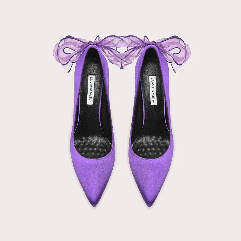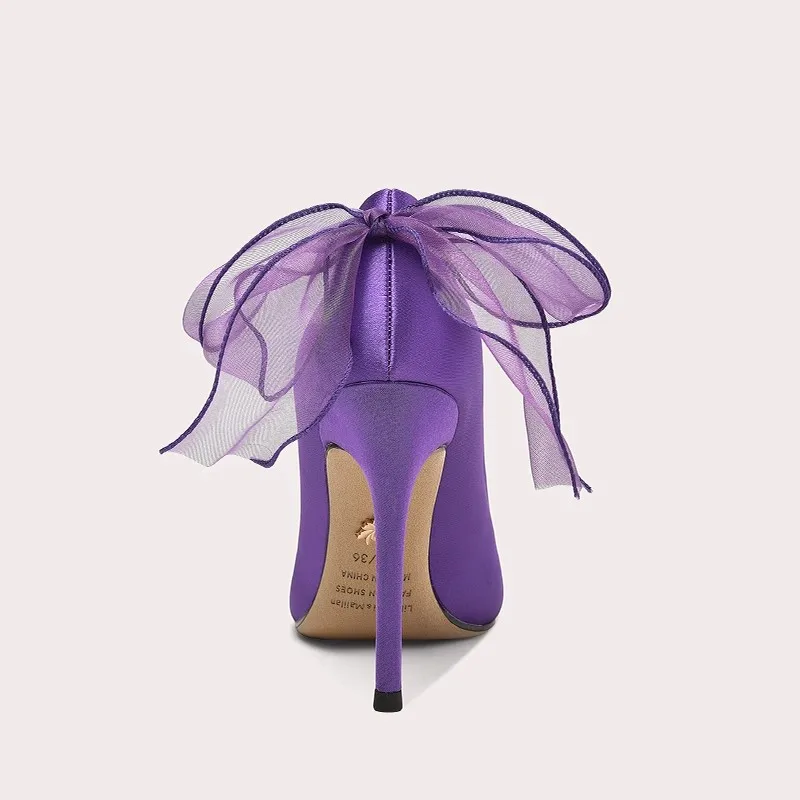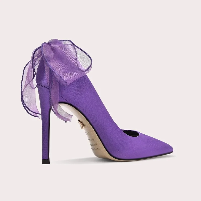 Spring and Summer New Pointy High Heels Ladies Thin Heel Single Shoes Butterfly Wedding Sexy Silk Fashion Elegant Party
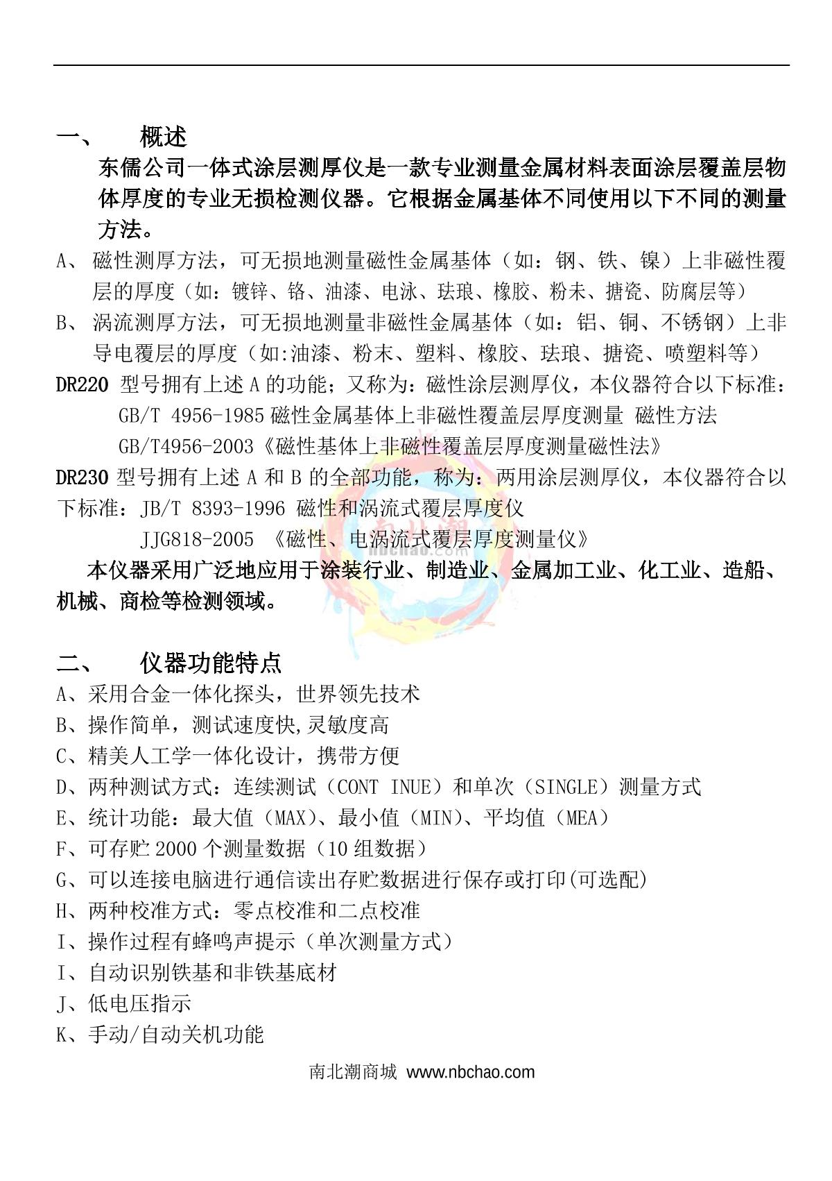 DongRu DR220 (upgraded version) Coating Thickness Gauge Manual,OI
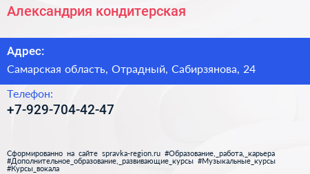 Александрия, кондитерская по адресу Самарская область, Отрадный, Сабирзянова, 24 в дальнейшем Организация, размещена в следующих категориях:
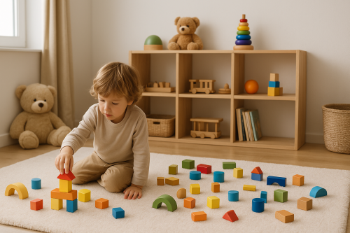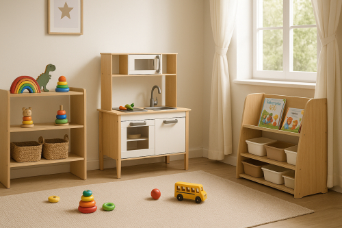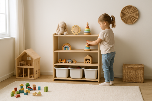 - Juguetes accesibles: almacenados en estanterías bajitas o cajas visualmente organizadas.
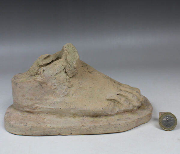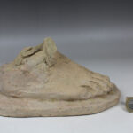 Terracotta votive statues, statuettes, heads, busts, infants, and anatomical parts were common dedications to a kourotrophos at her sanctuaries in Etruria, Latium, and Campania. Examples are scattered worldwide in museums and private collections.

# Problem:
Return exactly the lines above, from the one with "DongRu DR220 (upgraded" up to and including the one with "- Juguetes accesibles: almacenados", and include no pictures.

# Written reply:
 DongRu DR220 (upgraded version) Coating Thickness Gauge Manual,OI
 Александрия, кондитерская по адресу Самарская область, Отрадный, Сабирзянова, 24 в дальнейшем Организация, размещена в следующих категориях:
 - Juguetes accesibles: almacenados en estanterías bajitas o cajas visualmente organizadas.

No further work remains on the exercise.